I don’t know what it is about weddings but they bring out the crazy in us. I have not been to a lot of weddings in my life. Mine was the generation that rejected big weddings and marriage in our rebellion against patriarchal convention.
After living together for 8 years, Dan and I threw our wedding together in a matter of four weeks. We had just gone through a year long custody battle that left us broke and exhausted but excited to have Dan’s daughter, Rebecca, back in our lives. We wanted to get married to demonstrate to her that we intended to stay together; to be a family for a long time. So, I bought a white dress that was on sale for $40, we borrowed the community room in a friend’s housing co-op, we borrowed tables from the union I worked for, we put a few music tapes together, we invited a small number of family and friends with invites that we photocopied ourselves, and we threw our own little wedding for less than $1000. It was all we could afford financially after blowing $100,000 on legal fees, and after the year we had been through, it was all we could manage emotionally. We had a Minister from a Unitarian Church do a ceremony for us with passages that we wrote our selves.
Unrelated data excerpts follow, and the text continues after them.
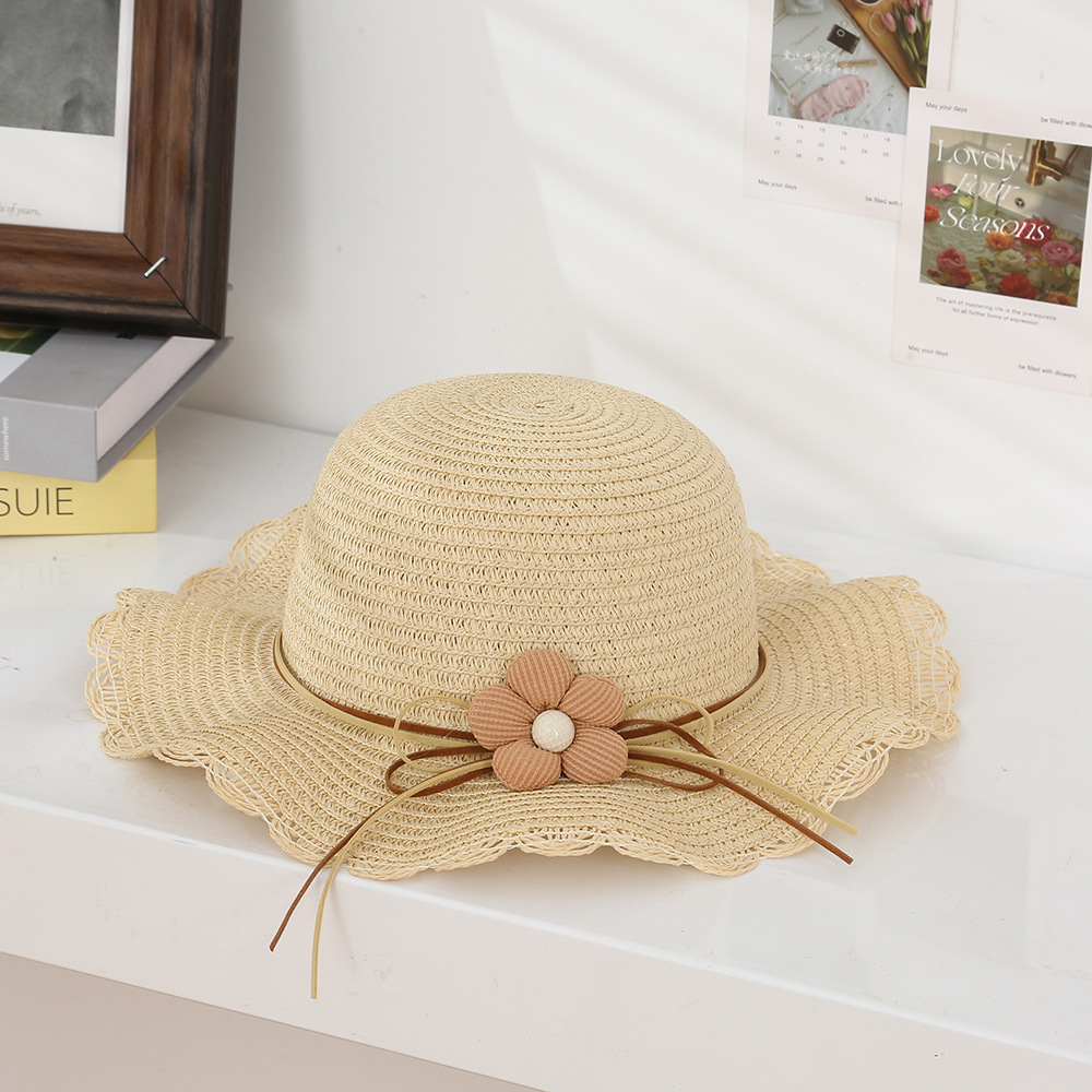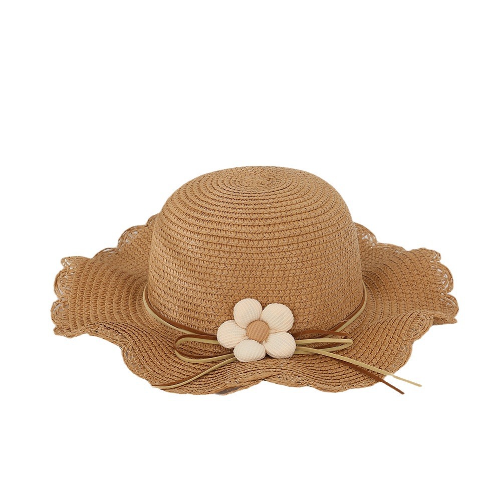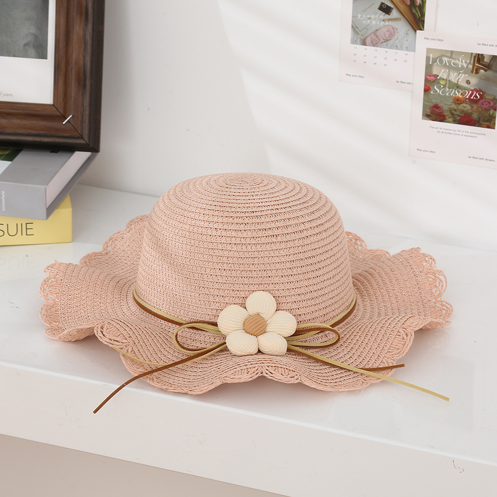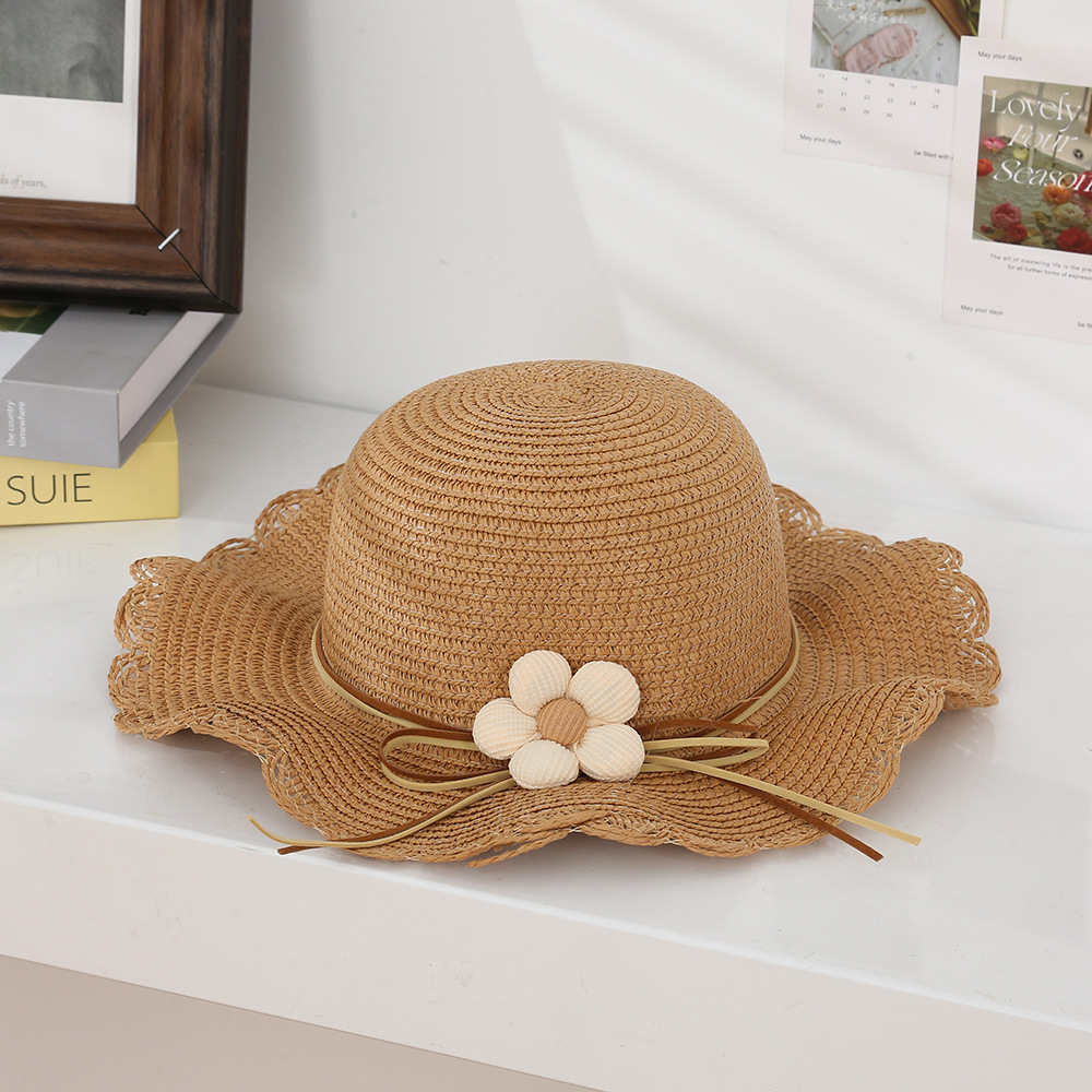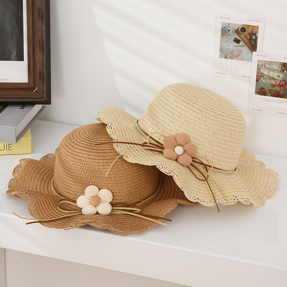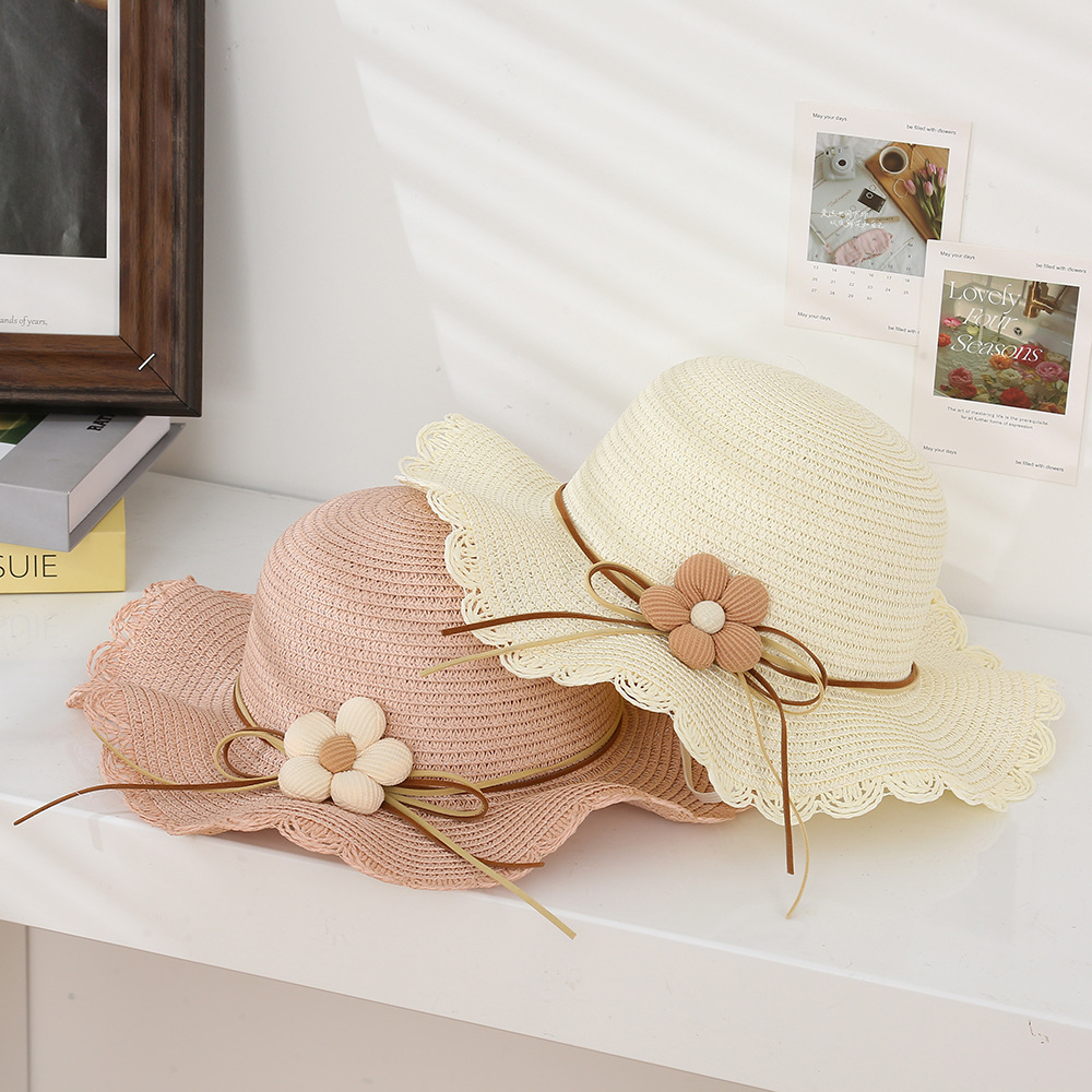 夏季新款儿童小花朵草帽女户外出游遮阳帽网红时尚沙滩太阳帽
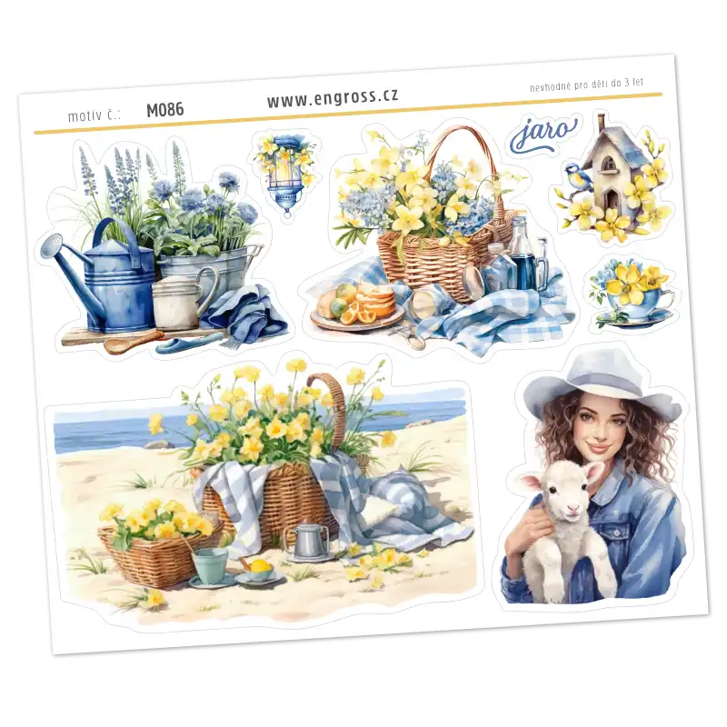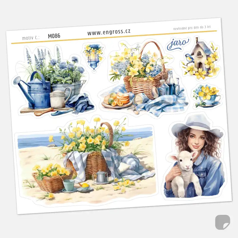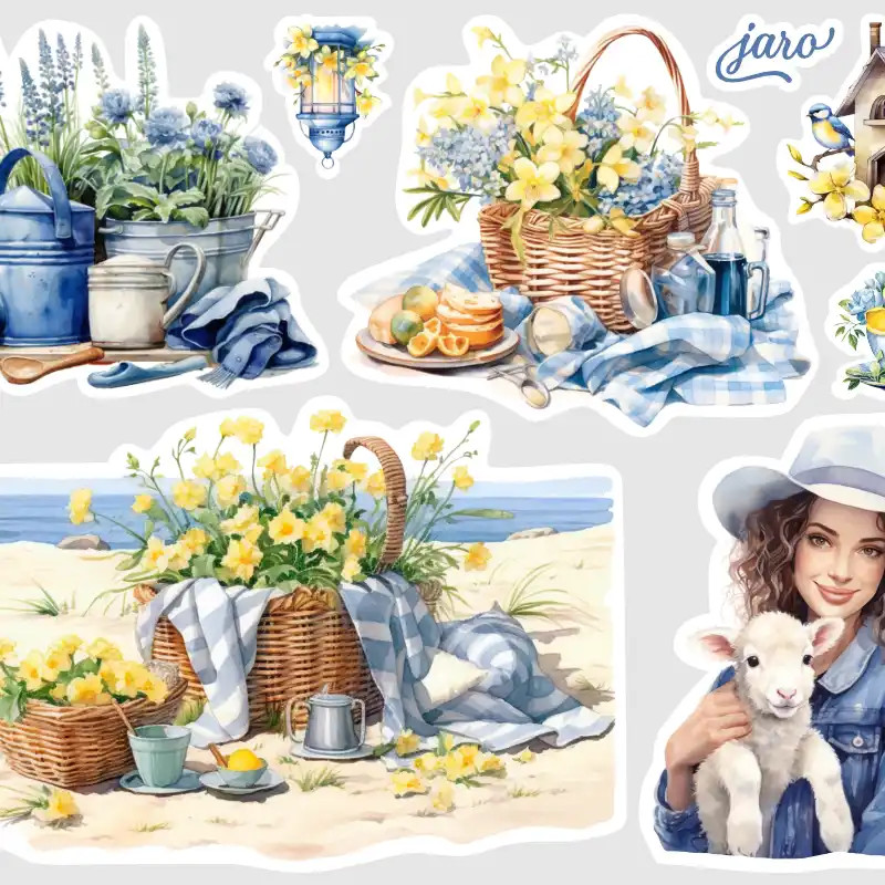 Velké dekorativní scény: Úchvatné motivy piknikových košů na pláži, žena s jarním jehňátkem a venkovská zátiší s květinami.
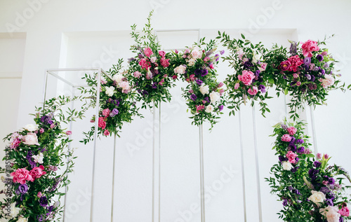 Naklejka premium Wedding arch of fresh purple flowers
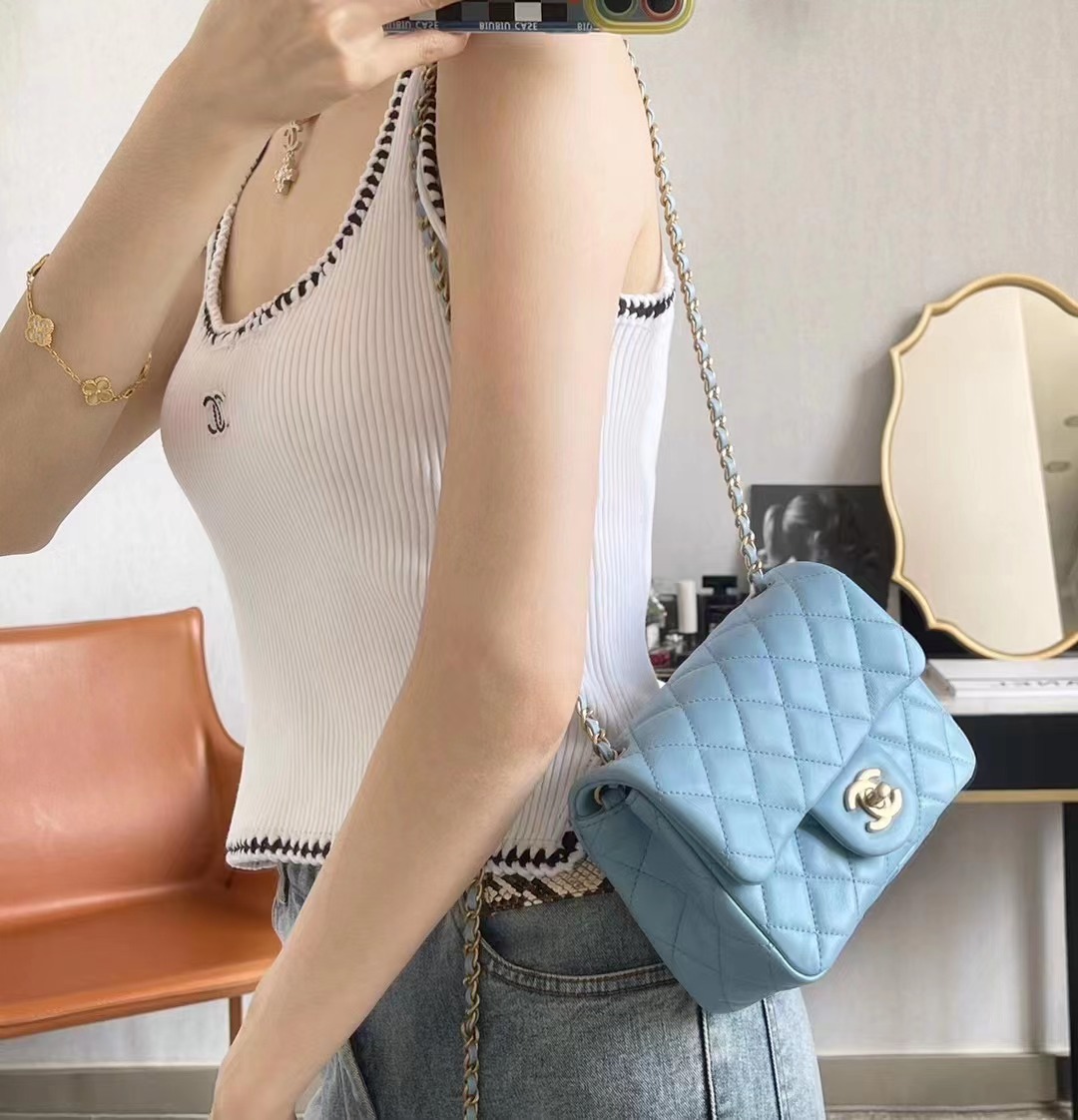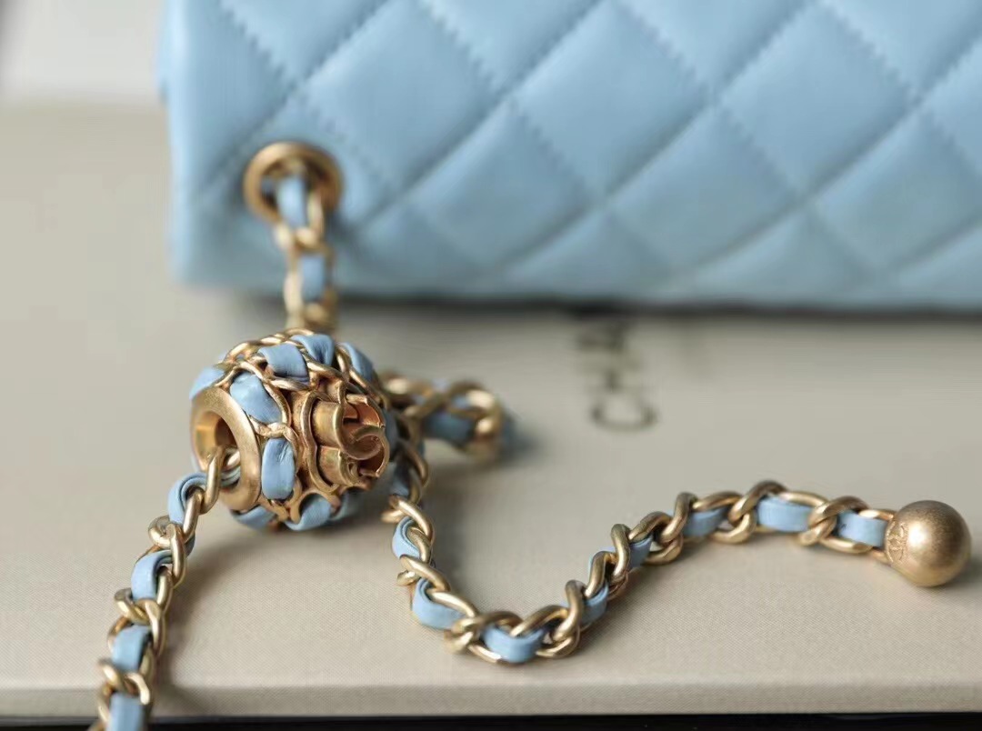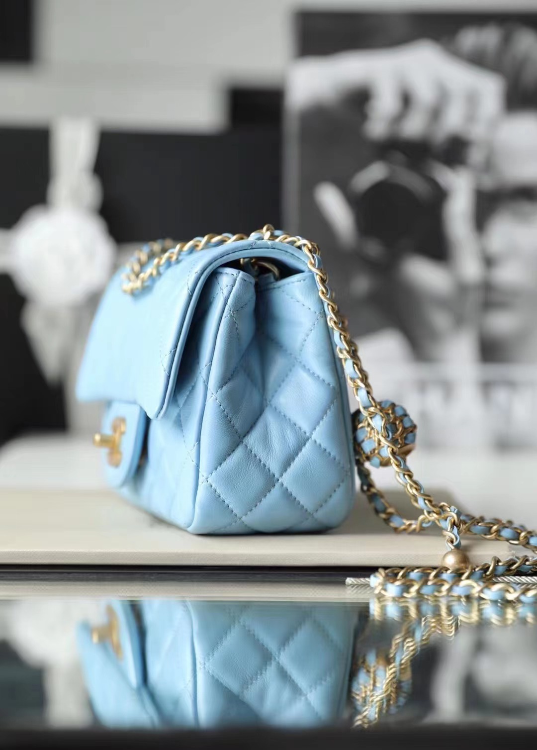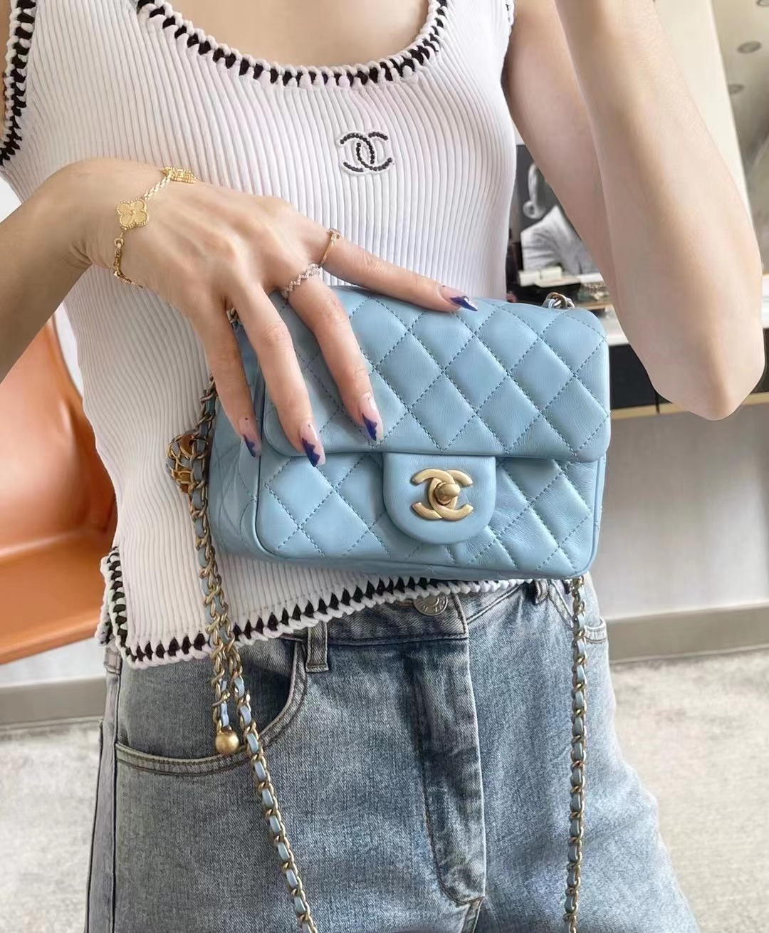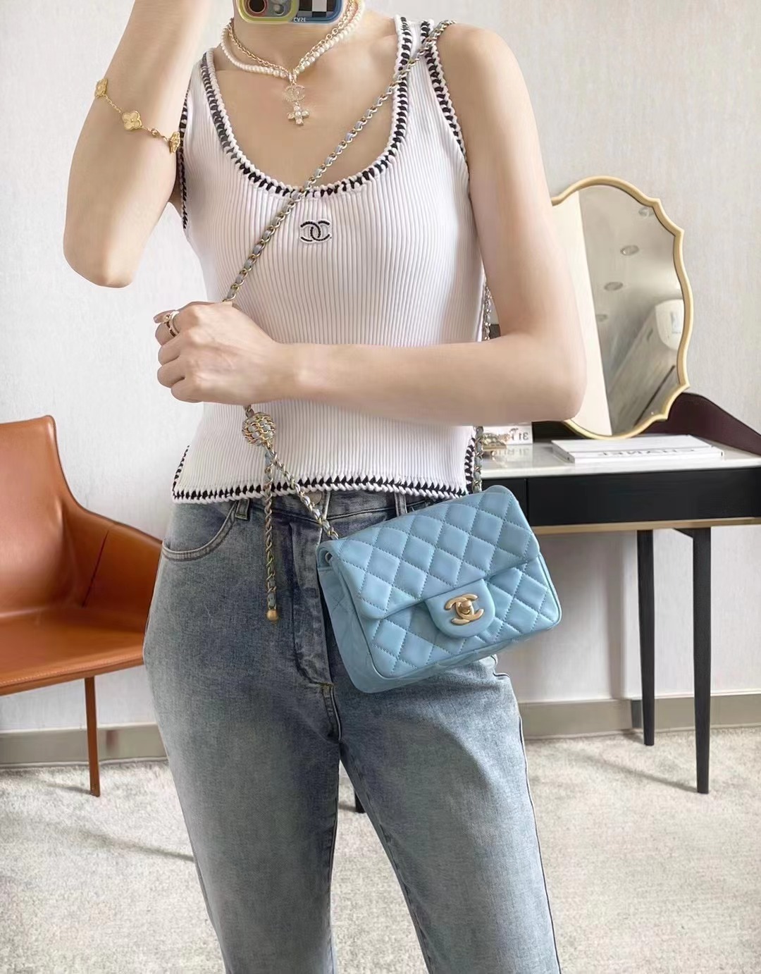 • CHANEL Mini Flap Bag Lambskin, Enamel & Gold-Tone Metal baby blue

But still, this tiny wedding brought out the crazy in people. Dan had an Aunt who refused to come because she felt that we had not made enough of an effort to visit her over the last year. The fact that we were fighting a custody battle to protect Dan’s daughter from sexual abuse seemed to be lost on her. One relative was upset that I did not invite our cousins. We drew the line at Aunts and Uncles to keep the numbers below 50; extending an invite to cousins would expand the numbers much closer to 100. My Italian grandmother was upset that we were not getting married in a church; that the wedding was so small; and that we were not having a proper wedding with bridesmaids and all of the other trappings. But I remember Dan’s sister saying to me quietly that it was the most beautiful wedding she had ever been to.
This is all coming back to me now as we prepare to head south for Rebecca’s wedding. It has been a stressful week for the entire family. My son and daughter are going crazy; wrapping up papers and assignments for their final and first years in university. The wedding will fall in the last week of their school terms just before their exams start. The timing could not be worse for them.
Dan and I have been scrambling to take care of all the little details; plane tickets and accommodation, wedding gifts and cards, suits and dresses, high heals and pedicures. We have each taken turns having melt-down about suits that look worn and dresses that don’t fit well. It seems that weddings evoke all of our worse fears; strip back the years; melt all of our armour. They force us to face the passage of time; to re-examine the years; to re-evaluate our lives.
As we flipped through our family albums, selecting photos for Rebecca, we saw our youth pass before our eyes; we remembered friends who have drifted out of our lives, family members who have passed on, and wonderful times that we have spent with our children. When we were done, I said to Dan, “We have had a really good life together”. Dan laughed and replied, “You make it sound like it is over.” And it isn’t, but a child’s wedding, which marks a new beginning for them, also marks an ending for us. And maybe that is the source of all the crazy?